» YOUR ASSIGNMENT
The answer is to be the lines below that lie between the line holding "Déclarez votre style" and the line holding "Februar 2026: Treffen", inclusive, transcribed exactly and free of pictures.

» EXTRACTED MATERIAL

Segment Open

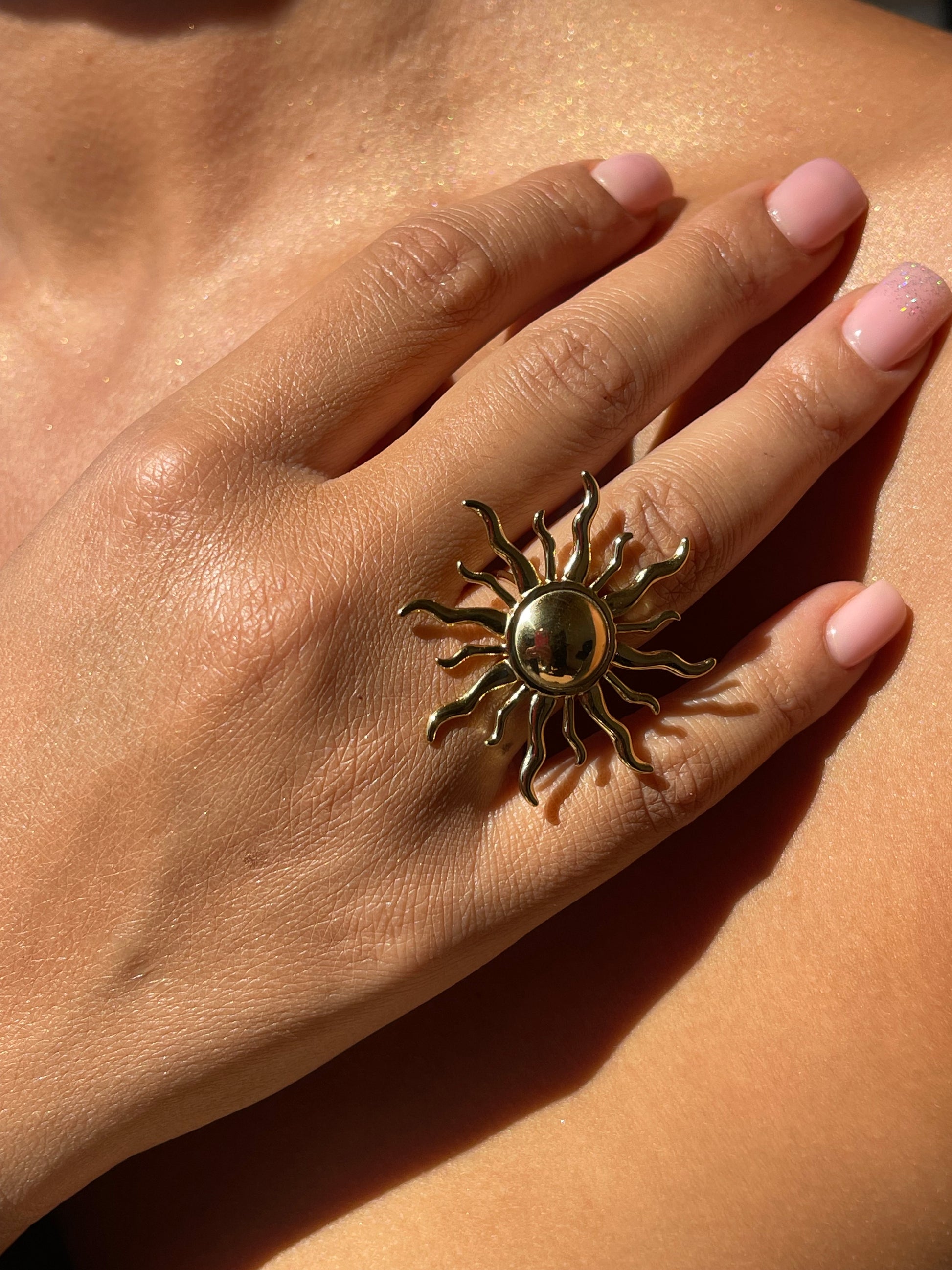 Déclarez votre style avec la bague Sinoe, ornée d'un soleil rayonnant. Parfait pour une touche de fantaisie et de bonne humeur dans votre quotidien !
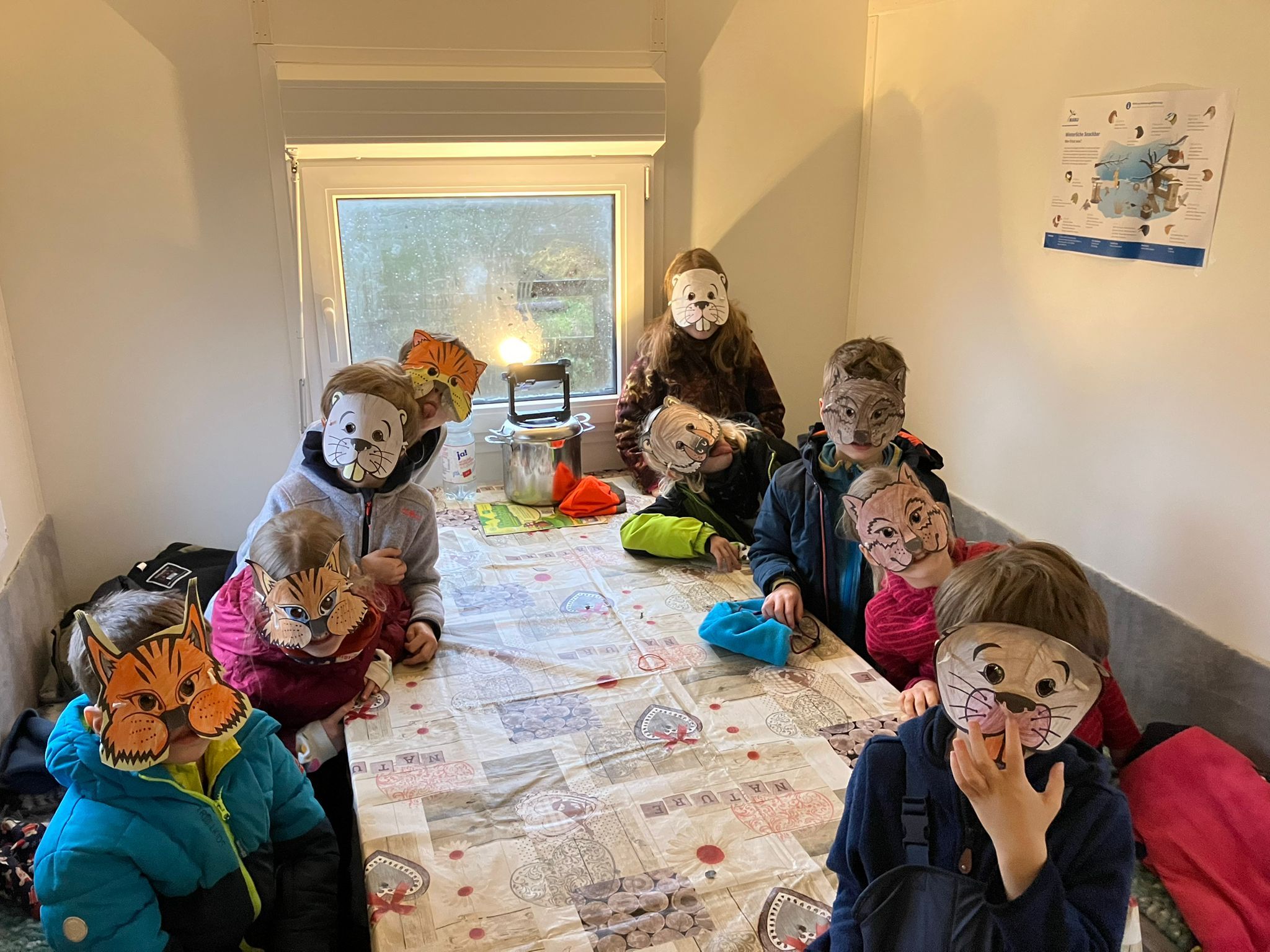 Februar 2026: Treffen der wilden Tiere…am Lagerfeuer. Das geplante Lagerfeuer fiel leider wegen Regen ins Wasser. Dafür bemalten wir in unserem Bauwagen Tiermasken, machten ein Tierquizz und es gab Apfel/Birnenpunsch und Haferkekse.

Segment Closed
Segment Open

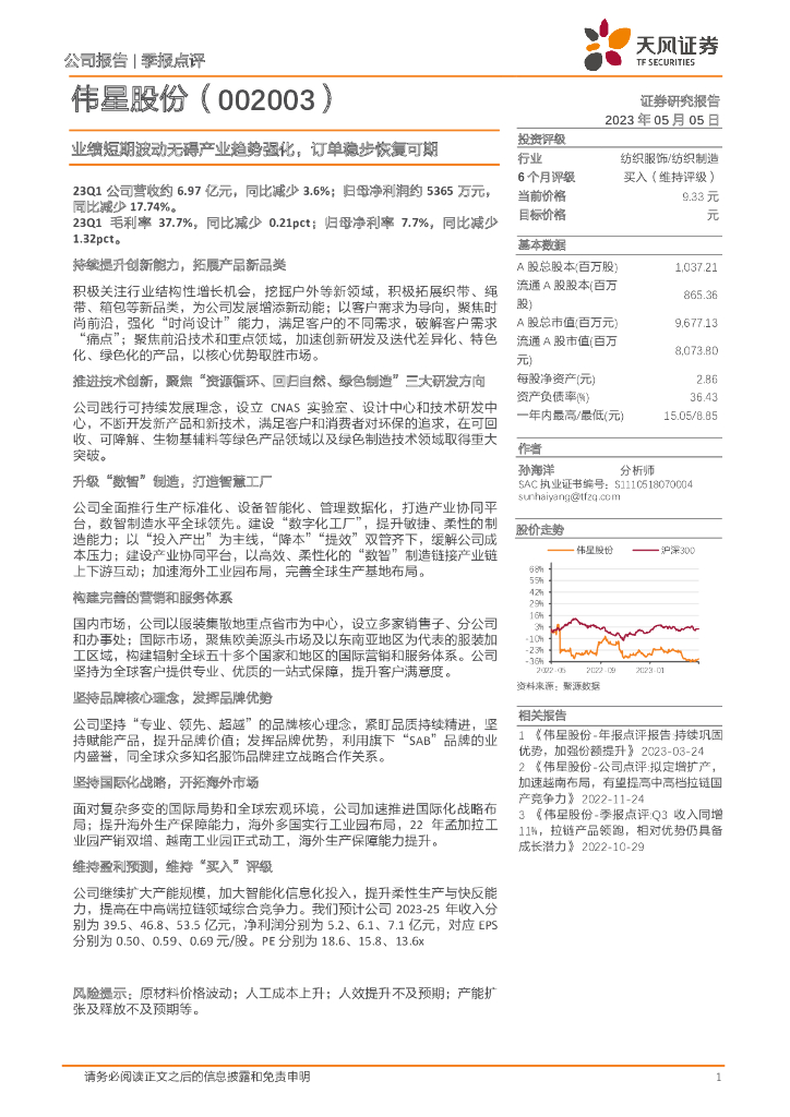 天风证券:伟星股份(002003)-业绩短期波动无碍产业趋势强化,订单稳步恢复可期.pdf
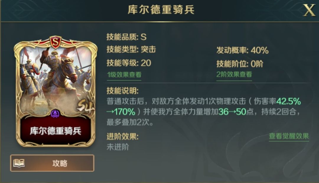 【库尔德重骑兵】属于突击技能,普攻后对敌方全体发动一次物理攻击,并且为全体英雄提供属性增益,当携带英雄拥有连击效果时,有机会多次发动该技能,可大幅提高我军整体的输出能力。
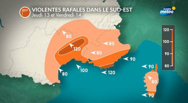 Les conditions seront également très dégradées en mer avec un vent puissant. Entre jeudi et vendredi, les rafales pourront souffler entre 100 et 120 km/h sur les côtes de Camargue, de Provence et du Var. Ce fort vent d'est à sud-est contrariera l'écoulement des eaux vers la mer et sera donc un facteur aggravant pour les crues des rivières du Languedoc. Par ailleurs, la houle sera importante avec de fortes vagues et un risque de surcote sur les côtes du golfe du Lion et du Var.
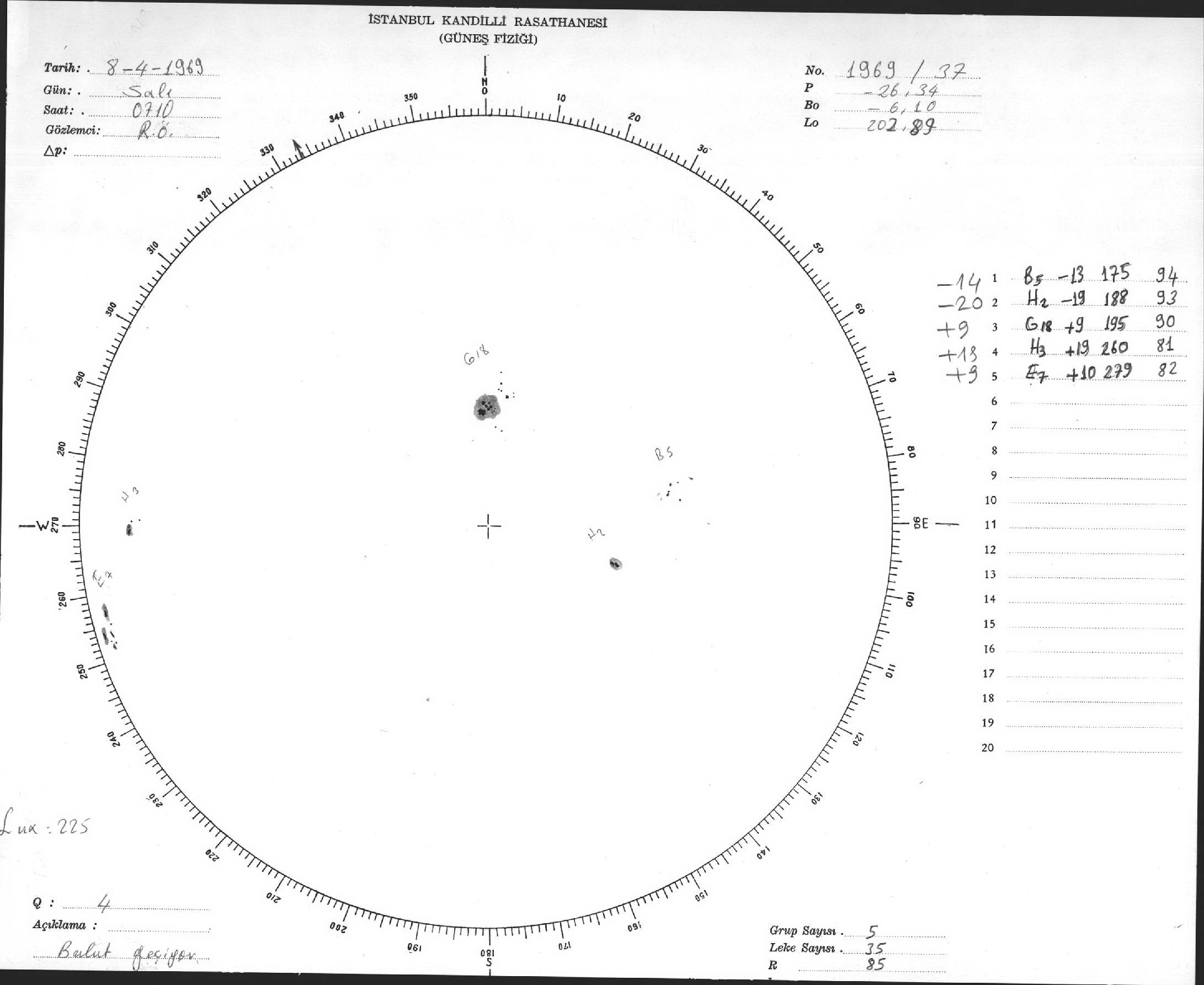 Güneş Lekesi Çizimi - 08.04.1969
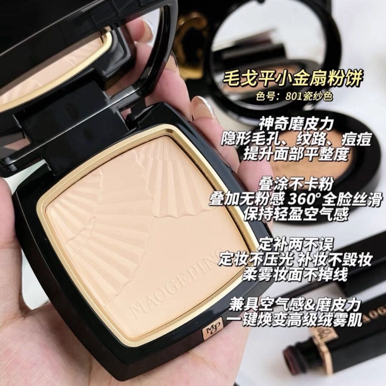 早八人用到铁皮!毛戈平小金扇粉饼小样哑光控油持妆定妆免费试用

Segment Closed

» RESULT OF THIS TASK
 Déclarez votre style avec la bague Sinoe, ornée d'un soleil rayonnant. Parfait pour une touche de fantaisie et de bonne humeur dans votre quotidien !
 Februar 2026: Treffen der wilden Tiere…am Lagerfeuer. Das geplante Lagerfeuer fiel leider wegen Regen ins Wasser. Dafür bemalten wir in unserem Bauwagen Tiermasken, machten ein Tierquizz und es gab Apfel/Birnenpunsch und Haferkekse.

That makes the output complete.